• **Data**:
- Opening Delimiter -

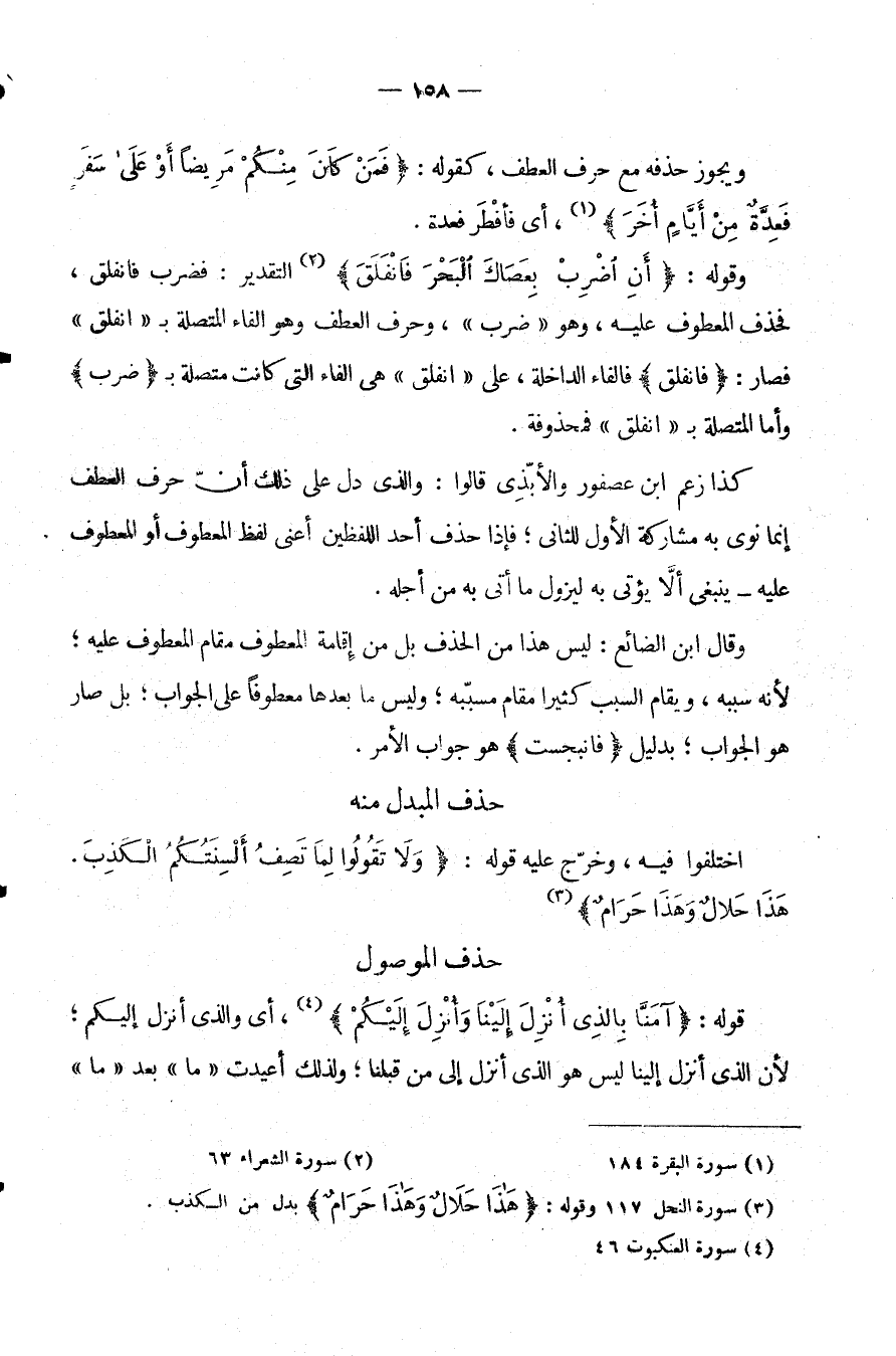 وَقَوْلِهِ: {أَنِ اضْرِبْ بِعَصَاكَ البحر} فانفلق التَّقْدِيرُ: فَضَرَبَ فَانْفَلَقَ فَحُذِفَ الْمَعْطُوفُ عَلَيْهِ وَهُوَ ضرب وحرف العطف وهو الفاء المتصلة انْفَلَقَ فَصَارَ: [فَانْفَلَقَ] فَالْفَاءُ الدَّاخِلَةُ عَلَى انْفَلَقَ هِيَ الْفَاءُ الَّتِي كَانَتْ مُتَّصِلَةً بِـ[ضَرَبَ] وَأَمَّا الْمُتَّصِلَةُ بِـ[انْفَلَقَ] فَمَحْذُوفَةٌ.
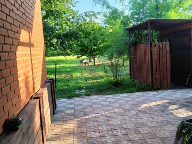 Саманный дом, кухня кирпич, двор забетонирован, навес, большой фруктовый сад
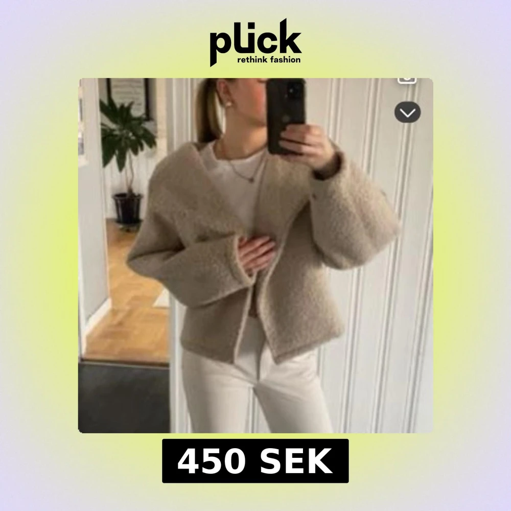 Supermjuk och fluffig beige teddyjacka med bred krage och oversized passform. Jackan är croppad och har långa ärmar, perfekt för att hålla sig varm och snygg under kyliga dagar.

- Closing Delimiter -

• **Task description**: Please output the listing above in full, exactly as given, without its images.

• **Written solution**:
 وَقَوْلِهِ: {أَنِ اضْرِبْ بِعَصَاكَ البحر} فانفلق التَّقْدِيرُ: فَضَرَبَ فَانْفَلَقَ فَحُذِفَ الْمَعْطُوفُ عَلَيْهِ وَهُوَ ضرب وحرف العطف وهو الفاء المتصلة انْفَلَقَ فَصَارَ: [فَانْفَلَقَ] فَالْفَاءُ الدَّاخِلَةُ عَلَى انْفَلَقَ هِيَ الْفَاءُ الَّتِي كَانَتْ مُتَّصِلَةً بِـ[ضَرَبَ] وَأَمَّا الْمُتَّصِلَةُ بِـ[انْفَلَقَ] فَمَحْذُوفَةٌ.
 Саманный дом, кухня кирпич, двор забетонирован, навес, большой фруктовый сад
 Supermjuk och fluffig beige teddyjacka med bred krage och oversized passform. Jackan är croppad och har långa ärmar, perfekt för att hålla sig varm och snygg under kyliga dagar.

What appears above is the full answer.